Alana Davis

Alana Davis

If Alana Davis’s first album, her 1997 debut Blame It On Me, established her as a new singer/songwriter to be reckoned with (Time Magazine picked it as one of the year’s five best), her new album, Fortune Cookies marks the triumphant return of one of the most illuminating voices in pop. The new album is an acoustically driven, funked-up masterpiece, with Davis’s signature vocal ache enlivening each song.

It comes at a time when Alana, herself, may be crowned as music’s most alluring female songsmith. She laughs off such a notion, preferring instead, to use the title of her second album for cover. “A lot of these songs are so heavy. I liked the idea of fortune cookies because they have the ability to grant you something that could make you think or enlighten you in some way. Or they can just make you laugh. Believe me, I’ve saved a few over the years and tucked them away in my wallet.”

Whether it’s the breathless shuffle of “I Want You,” or the dreamy effortlessness of “When You Became King,” Davis’s ability to weave indelible lyrics around evocative, shimmering guitar licks comes shining through. “Anybody who plays simple rhythm guitar is a friend of mine,” she laughs. “Richie Havens, Bill Withers – you name them.” The latter song, she recalls, was influenced by the previous generation’s female singing/songwriting hero. “It’s a particular fingerpicking pattern that I learned to copy from Joni Mitchell’s records when I learned to play back in college. It’s so fun to do. I wrote it without ever really intending that it become a song. I was sort of exercising and playing. It had a nice feel to it.”

That kind of honest immediacy penetrates every groove of Fortune Cookies. “Some of the lyrics I even wrote in the studio. I wanted the album to sound fresh. What you’re getting is me, right now. I’m pretty happy with that.”

Collaborator and friend Ed Tuton (he helmed Blame It On Me) produced most of the tracks on the new disc. The easy give and take of their relationship created the kind of environment where Alana could trust her deepest instincts. “It’s very natural working with him. He helped keep the songs pure. He has a wonderful way of helping me get to just what I’m thinking and feeling. That’s important when you’re working with songs that are very personal.
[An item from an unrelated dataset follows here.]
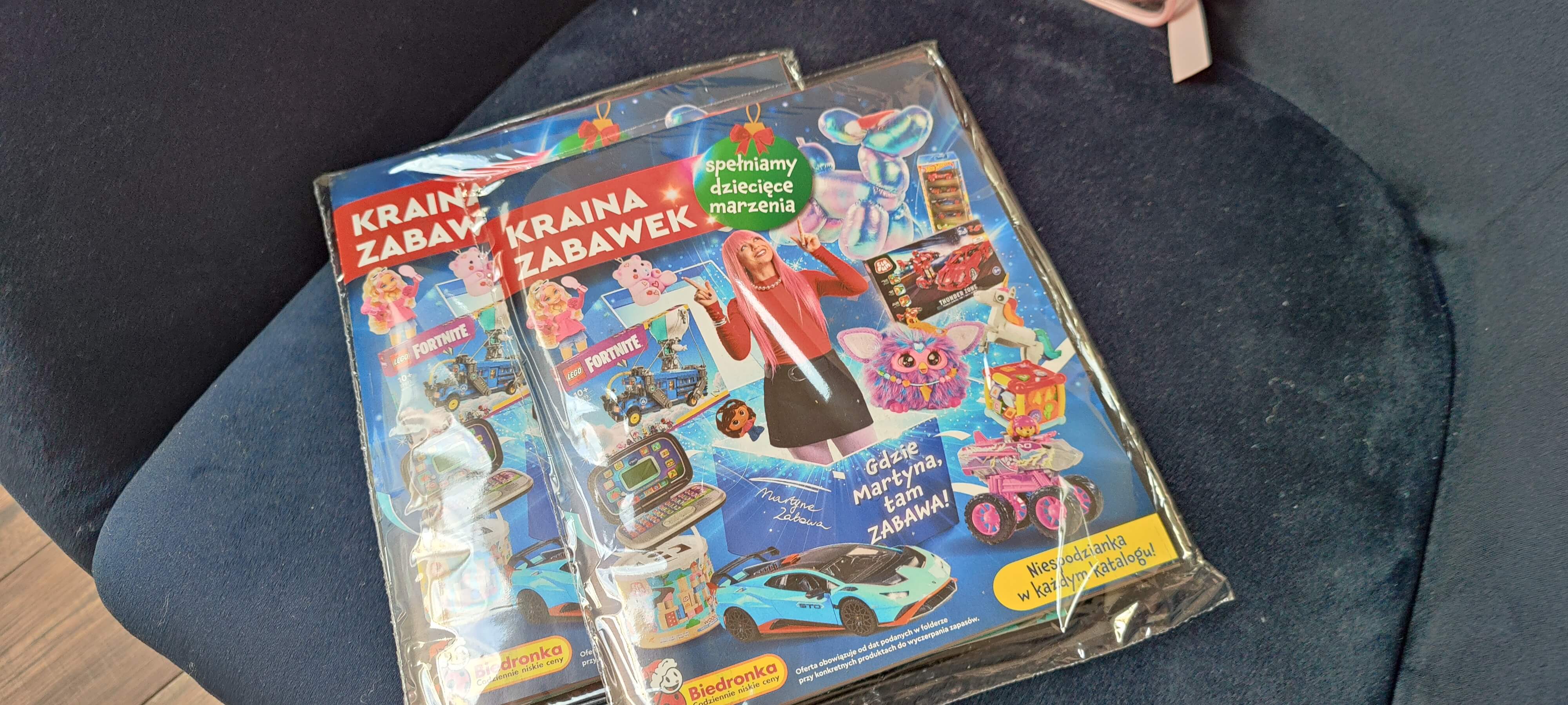 W Biedronce w miejscu gdzie są gazetki, można za darmo zabrać katalog Krainy Zabawek, jest on zafoliowany. W środku znajduje się Listo do Mikołaja sygnowany LEGO oraz zestaw naklejek z Lego.

You want them to wear on you like an old coat or something.”

Alana also enlisted sought after producers The Neptunes to produce a track with her, the funky “Bye Bye (AKA My Life)”. “I realized a lot of songs that I was liking on the radio were songs that they had a hand in. Originally, they were going to do a remix but they have a way of sounding so different, when they came in I said ‘let’s try something new.’” Perhaps the biggest surprise on the new album is Alana’s loving re-working of the 1984 hip hop gem “Friends,” by Whodini. “People always sample and cover stuff in the hip hop world. I wanted to flip the script. I used to love that song when I was a kid. I remember watching them shoot a video on a pier where I grew up off of Washington Street.”

Born and raised in New York City’s Greenwich Village, her distinctly personal style became her calling card right from the start. She was able to make Ani Di Franco’s song “32 flavors” her own on the first album by imbuing it with an equally confident phrasing. Acclaimed live jaunts with artists like Ben Harper, Blues Traveler, Ziggy Marley, and a stint on the Lilith Fair tour proved that her understated mystique could also transfer beautifully to the stage.

Still, she takes the impending release of only her second album in stride. “I try not to take myself too seriously. I’d like to think that these songs are my little fortune cookies for everybody.”